"Recalling dreams?"
Ray shook his head. "Too real. My dreams have a fuzziness around the edge. Nothing hazy here. I can read the writing on the walls, writing I've never seen before. I even understand the poetry. Understand all of its allusions and can call up more memories to back them up." Ray tapped his head. "These memories are as real as anything I've lived."
Jerry leaned back, knuckling his eyes with both fists as if to clear them of sleep, exhaustion, unacceptance, all of the above. "We've been trying to make data biostorage units. Every time we think they might be cost-effective, silicon comes up with a new growth spurt. And reading the data is slow."
"I don't know about that. All I know is I've just failed to disprove the hypothesis I presented this morning. I've got to face some things I didn't want to even touch. Things I've been dismissing as dreams aren't dreams at all. Certain experiences I and the kids had were very real. This planet is crazy. Maybe even crazier than I thought. Now I've got to start figuring out what to do about it. Certainly before tonight."
'Tonight?"
"Yeah. 'Cause if I can't handle this crazy place by tonight, it's not going to let me sleep again. And Doc, I am tired."
A shake of the head was all the medication Jerry gave.
Ray dropped in on Kat before leaving the hospital/research center. She was elbow-deep in correlating Lek's media and news dumps. "My college news was more interesting than this. Recipes! They actually put recipes on the front page of one. Doesn't anything interesting ever happen around here?"

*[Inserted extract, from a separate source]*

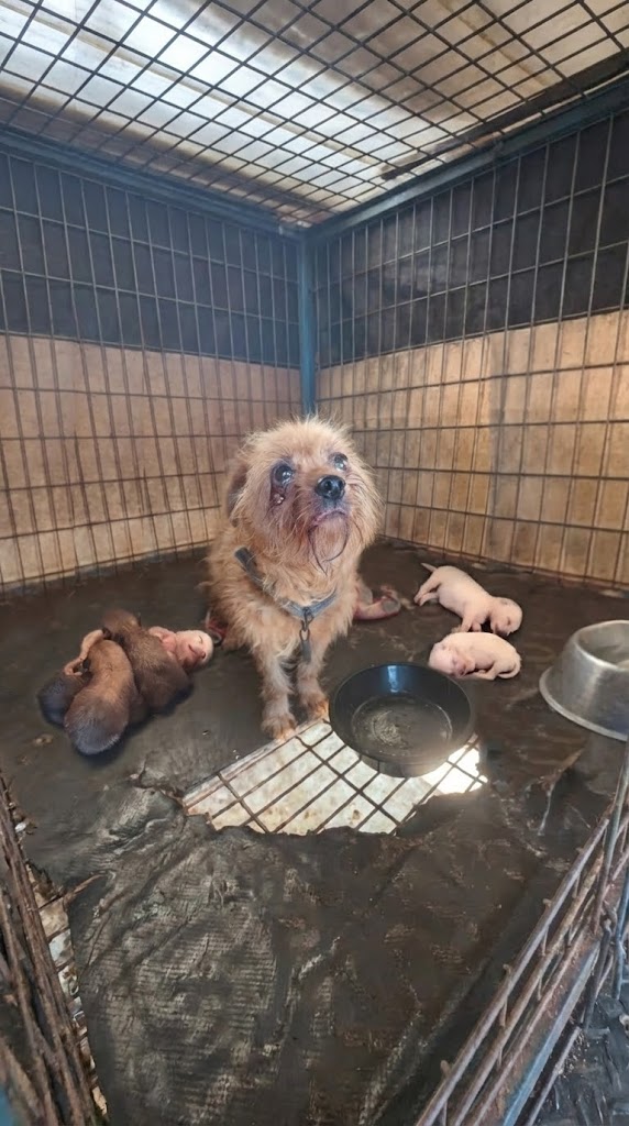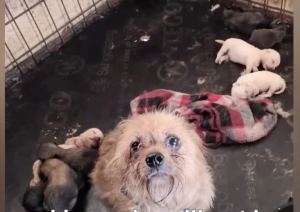 Curled tightly around her newborn puppies, Mimi became their only protection. Her body, thin and exhausted, formed a barrier against the cold ground. Every tremor she felt was absorbed so they wouldn’t have to feel it. Every shallow breath she took was a promise she made to them.
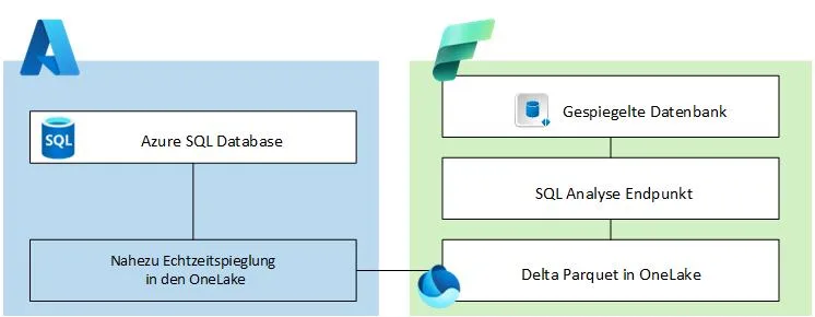 Fabric Databases ist de facto ein Azure SQL Server, der ohne weitere Lizenz in Fabric funktioniert. Wie im Bild zu sehen ist, läuft Fabric Databases als Azure SQL Server außerhalb von Fabric und wird dann nahezu in Echtzeit in den OneLake gespiegelt. Für den OneLake werden die Daten in Delta Parquet Files kopiert. Wichtig ist, dass keine zusätzlichen Lizenzen benötigt werden.

"Depends on what you consider interesting. Include a search on albinism." Ray rubbed his temples for a moment. "Pain management ought to cover headaches. Hallucinations, any other mental health issues."
"I saw something flash by about whirling dervishes or some kind of mystics among the Covenanters."
"Right. Mysticism. Witch-hunts. Those kinds of things."
Ray left as the kids were herded into Med Bay One for tests. The morning had left them happily grubby. A sky eyes took off as Ray strode for Barber's office. Mary and the chief were head down over his station. They glanced up as Ray entered.
"Got a blimp due in by noon," Barber said. "Another by supper. They're loaded with ceramic feed and carbon bricks. You know anything about that?"
"I told San Paulo our help didn't come free. Steal a blimp while one's up here."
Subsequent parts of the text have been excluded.